Botnets perform various tasks including but not limited to:

  • Stealing confidential information (passwords, banking details, etc.)
  • Sending spam email
  • Distributed Denial of Service (DDoS) against chosen websites
  • Mining for Bitcoins
  • Hold files for ransom by encrypting them and charging for decryption
  • Providing a secure proxy network for other illegal enterprises

 Of course, such a valuable network is not likely to go unnoticed for long. You'll be having well funded organisations, government agencies and other hackers attacking you. For that reason, SkyNet will need advanced cryptography to ensure your blackhat plans can't be stopped.

Background  & Disclaimer

This project has been created to help you gain an understanding of how prac- tical a massive cyber attack is and how complex it can be to defend against it. The basic technology of this project is pulled from the Conficker worm that ravaged the Internet in November 2008. At its peak, Conficker controlled up to 7 million computers across 200 countries. Conficker would only have needed 2 million of those machines to overpower the top 500 supercomputers at the time combined. To combat the threat, Microsoft formed an industry group to counter Conficker, composed of numerous security and technology companies. This group also conversed with government agencies around the world.

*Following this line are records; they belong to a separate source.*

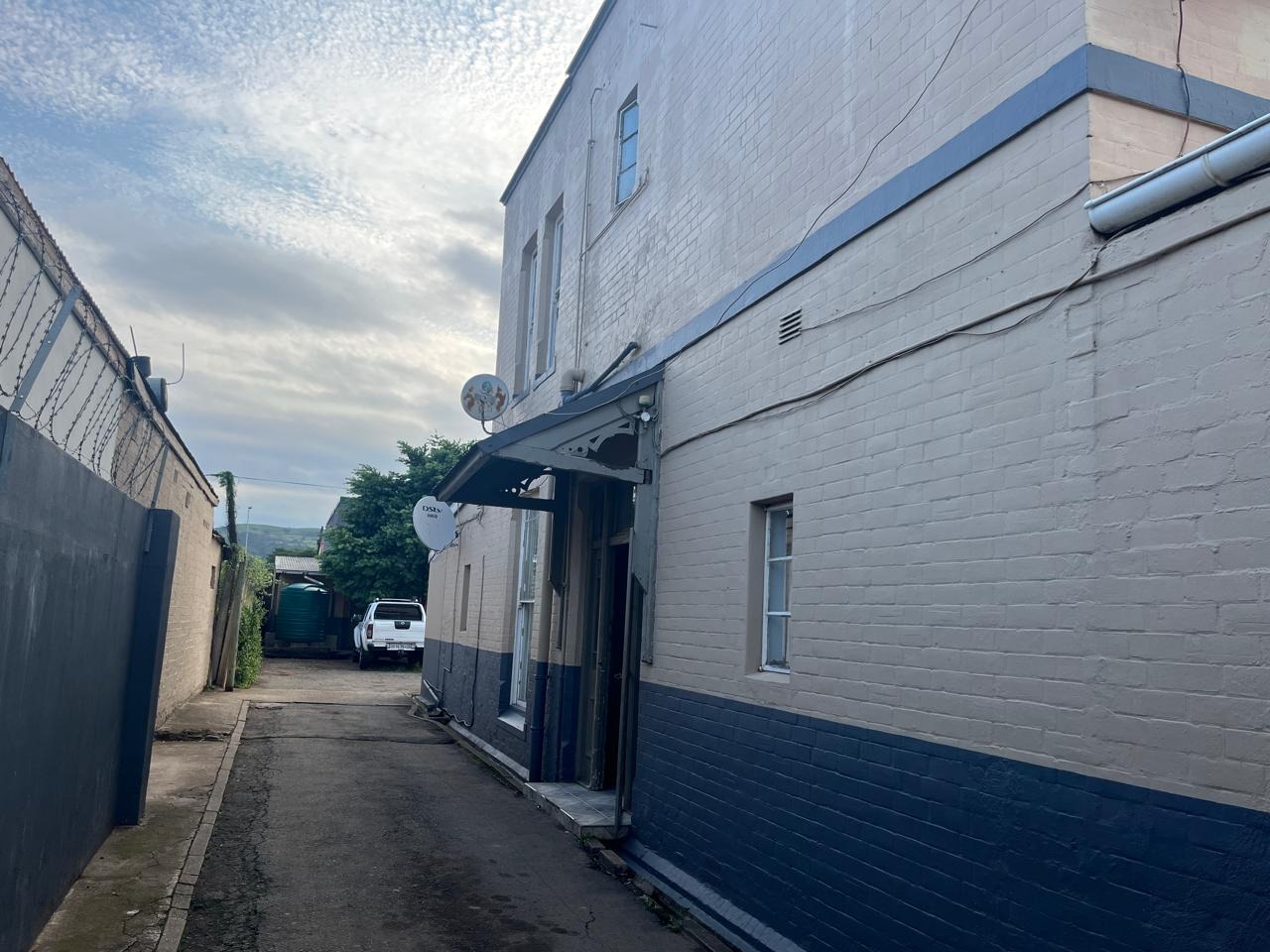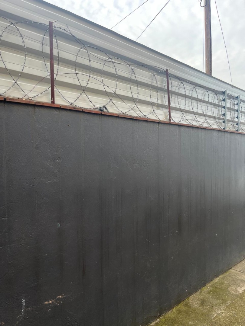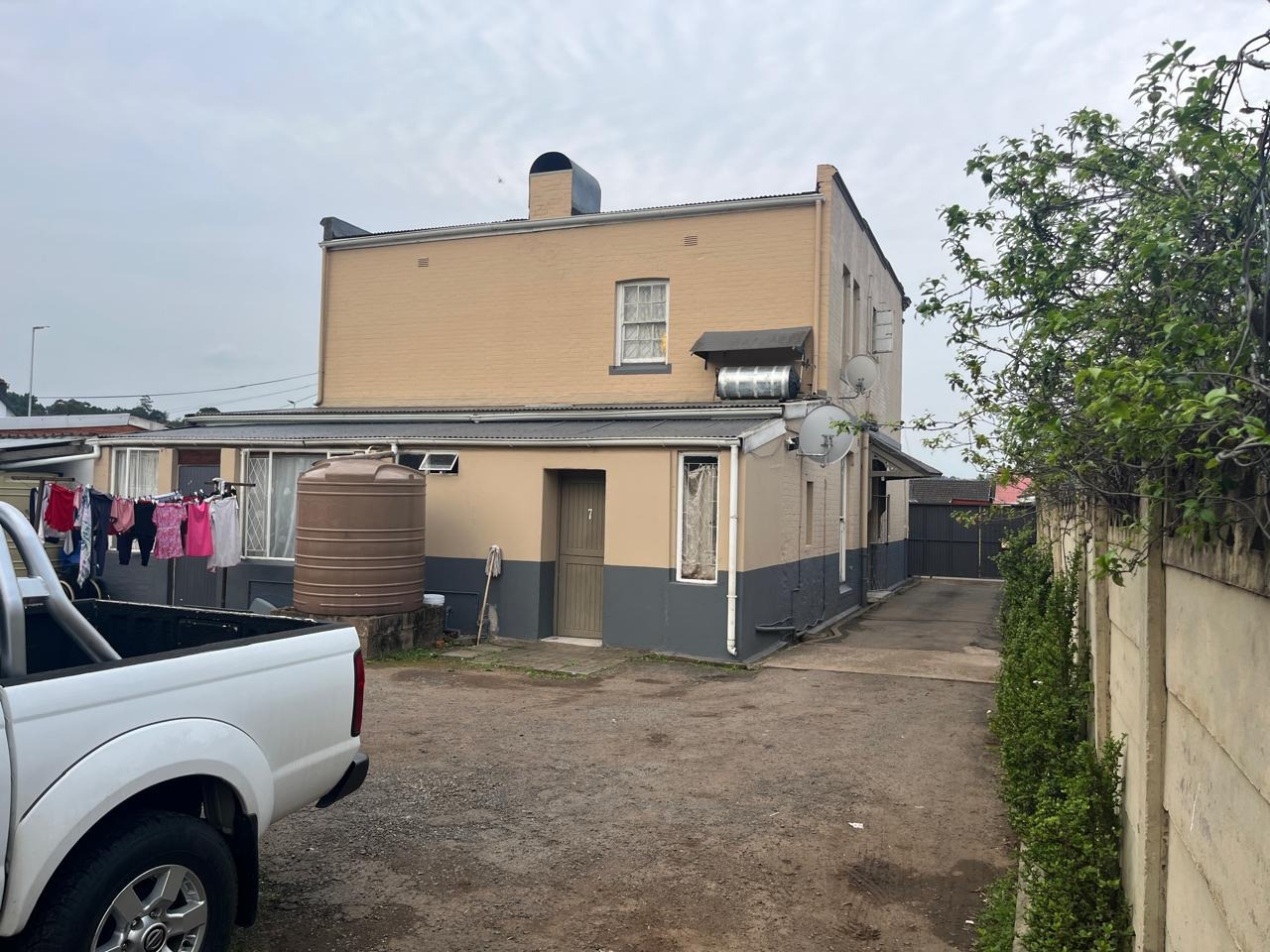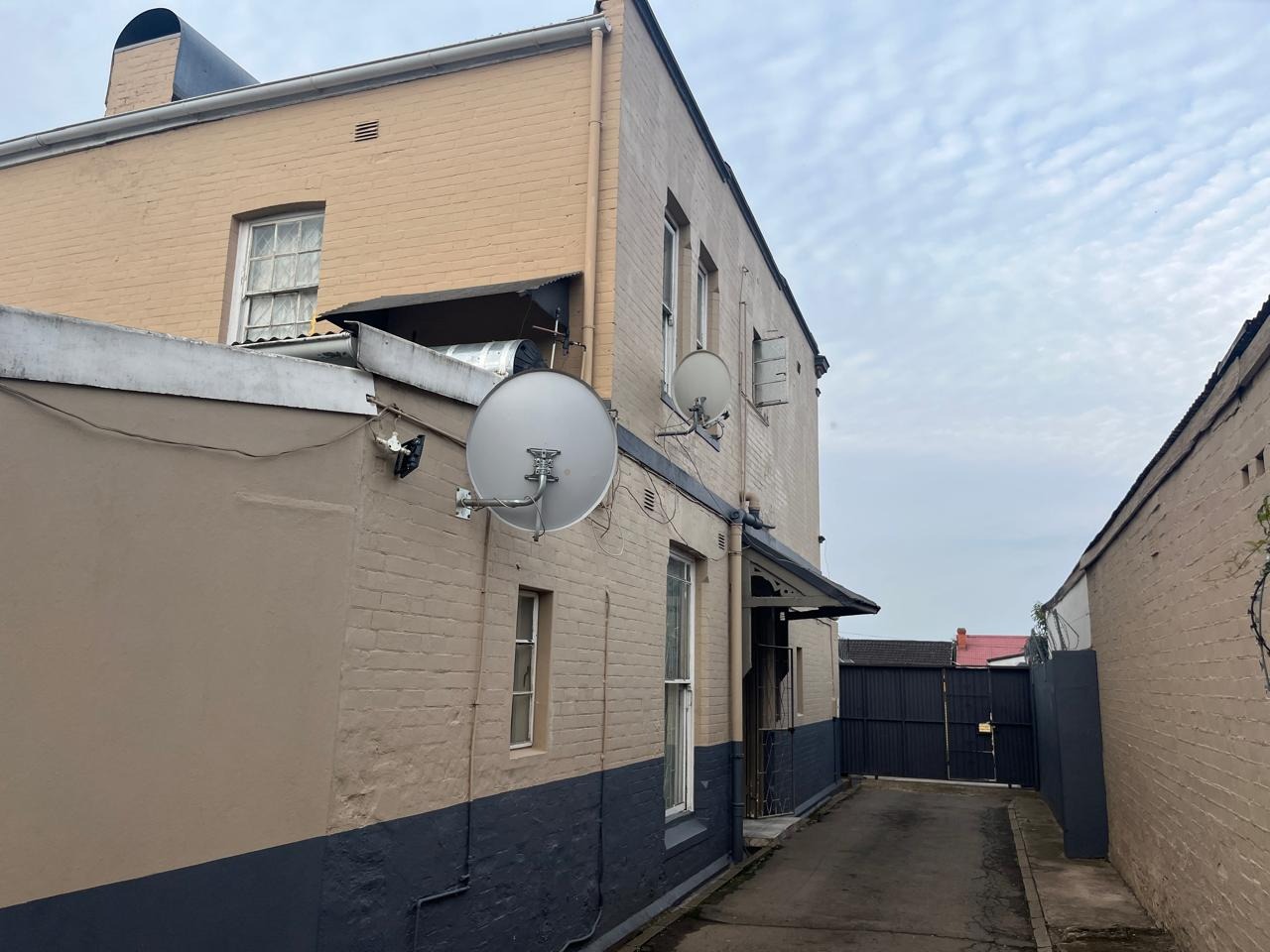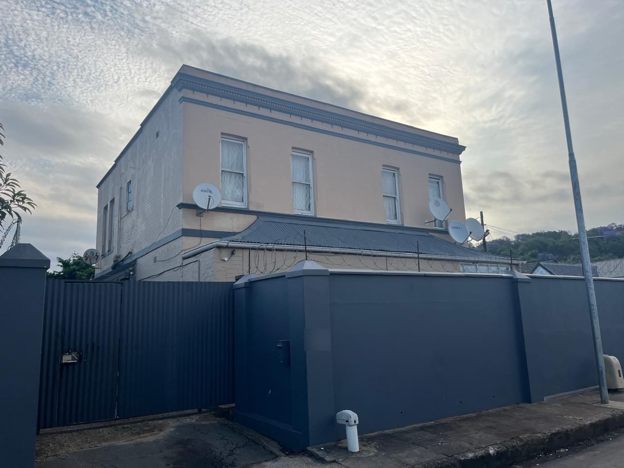 Street frontage offering privacy with high walls and gates.
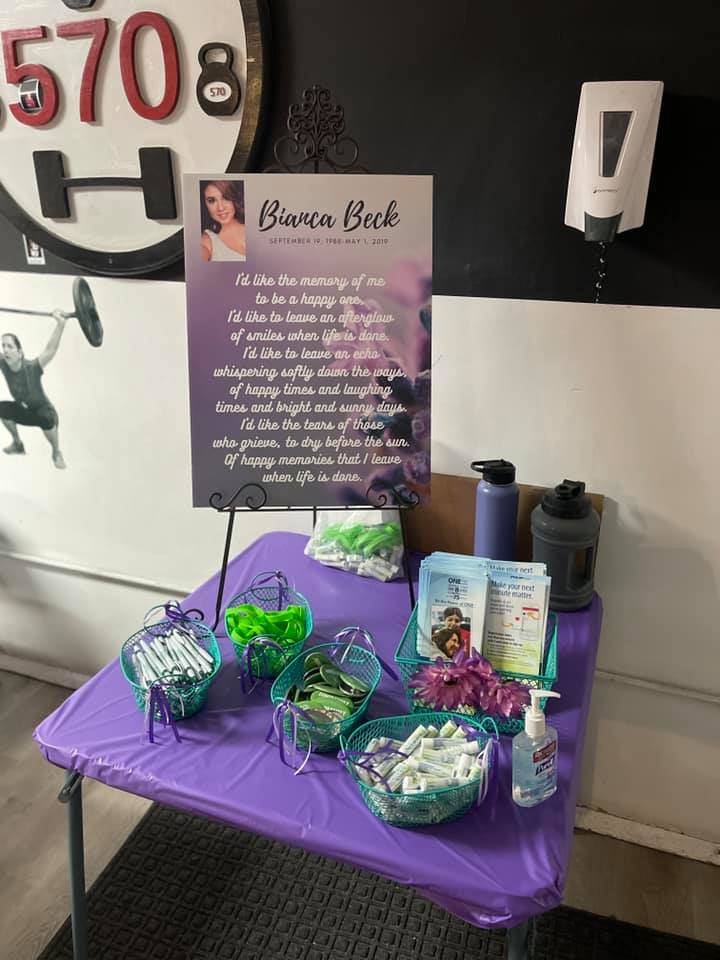 Two years after Bianca passed away, The Bianca Beck Memorial Foundation had its first fundraising event. Many friends and family took part in Bianca’s Boot Camp, which was held at CrossFit570 in Peckville, PA. Many participated in the ‘Boot Camp’ workout, and many just came to support the foundation by purchasing raffle tickets, cookies, water, and t-shirts.
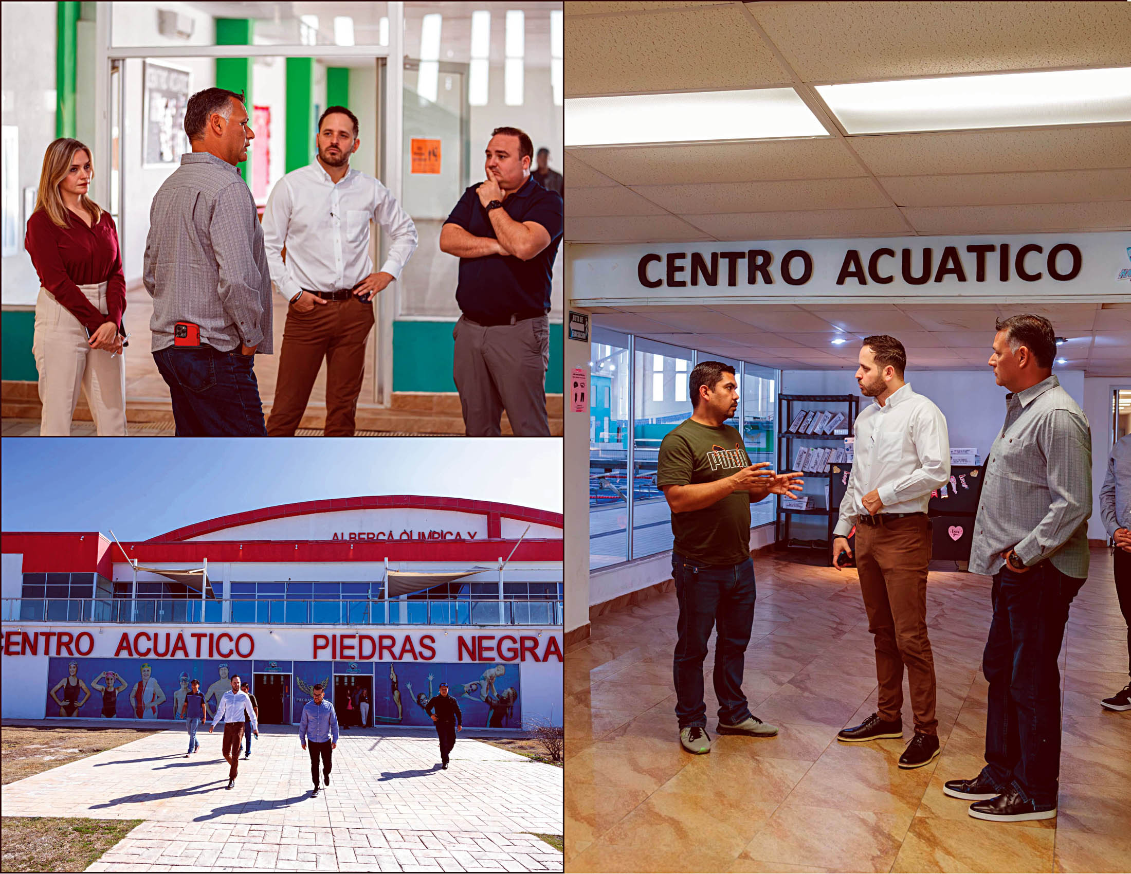El alcalde Jacobo Rodríguez realizó un recorrido por el Centro Acuático, acompañado de la directora de Desarrollo Social, Cynthia Villarreal, y el director de Fomento Deportivo, Abraham Lira, junto con representantes de la empresa encargada de la reparación de las bombas dañadas.
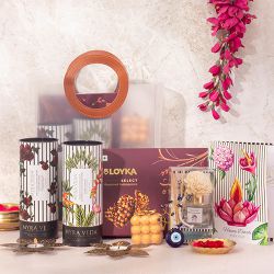 Indulge in the Special Diwali delight with this gift set that brings together a harmonious combination of Cadbury Celebrations Assorted Chocolates, a gold coin-shaped chocolate, and a heart-shaped chocolate box. But it doesnt stop there � this delightful hamper also includes a variety of gourmet nuts such as cashews, almonds, pistachios, and raisins. And to add to the festive ambiance, youll find a set of four designer clay diyas and a Happy Diwali card. All beautifully presented in a fancy tray, this gift set is perfect for spreading joy and sweetness during the festival of lights.
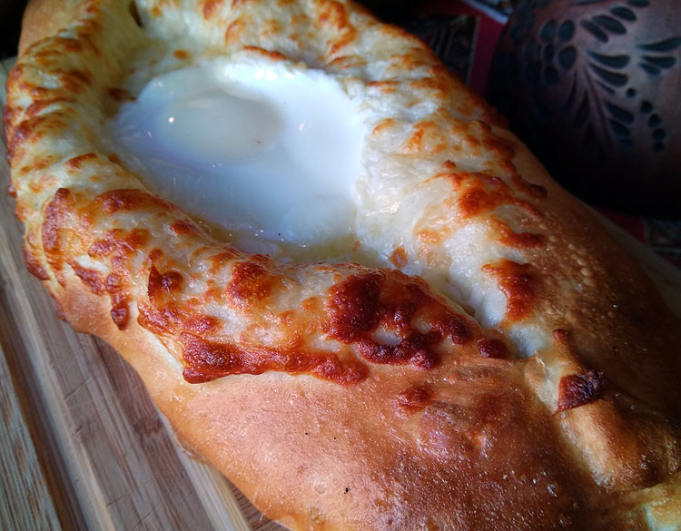 Очень вкусное (вкусный? вкусная?) здесь хачапури. Они, правда, раз за разом допускают одну и ту же ошибку – передерживают яйцо сверху, яйцо должно быть жидким, чтобы в него макать тесто. У них тут яйцо прихватилось. Но в остальном – одно из лучших хачапури по-аджарски в городе. И тесто очень вкусное, и начинка очень сбалансированная, и яйцо все-таки не вкрутую, т.е. в него получается макать тесто.
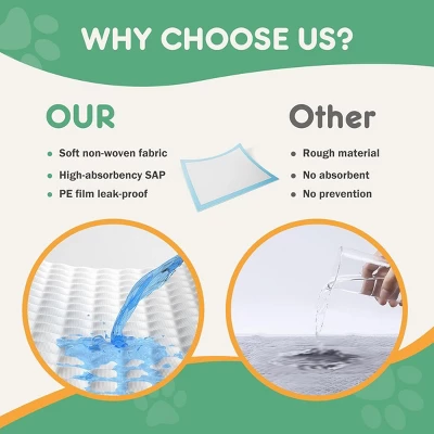 Introducing the ultimate in pet care technology, SEVOBAL training pads that outperform ordinary puppy training pads. Engineered with a superior absorbency system, these training pads feature a quick-drying surface that instantly neutralizes liquids, and a special deodorizer that eliminates odors. Leak protection includes reinforced side rails to prevent leaks even in the worst accidents, and a non-slip bottom for a secure hold.

To understand why it was so di?cult to slow down or defeat, we'll be implementing key components of this botnet that utilise advanced crypto- graphic techniques.

This is not an operational botnet nor do we intend you to create one. To defeat blackhats, you must understand how they work and the techniques they use. Recent botnets have used advanced computer science and crypto- graphic methods in order to remain secure from both blackhats, whitehats, well funded organisations and even governments. These advanced methods are what we intend you to learn and what we believe will give you the skills to detect, prevent and disassemble such attacks in the future.

Part 1: Securing the Channel

When you're transferring secrets, be they banking details or Bitcoins, you don't want to be overheard. Additionally, communicating in the open makes it easier for SkyNet to be detected via network analysis. Botnet authors don't like easy ways for computer admins to pinpoint infected machines.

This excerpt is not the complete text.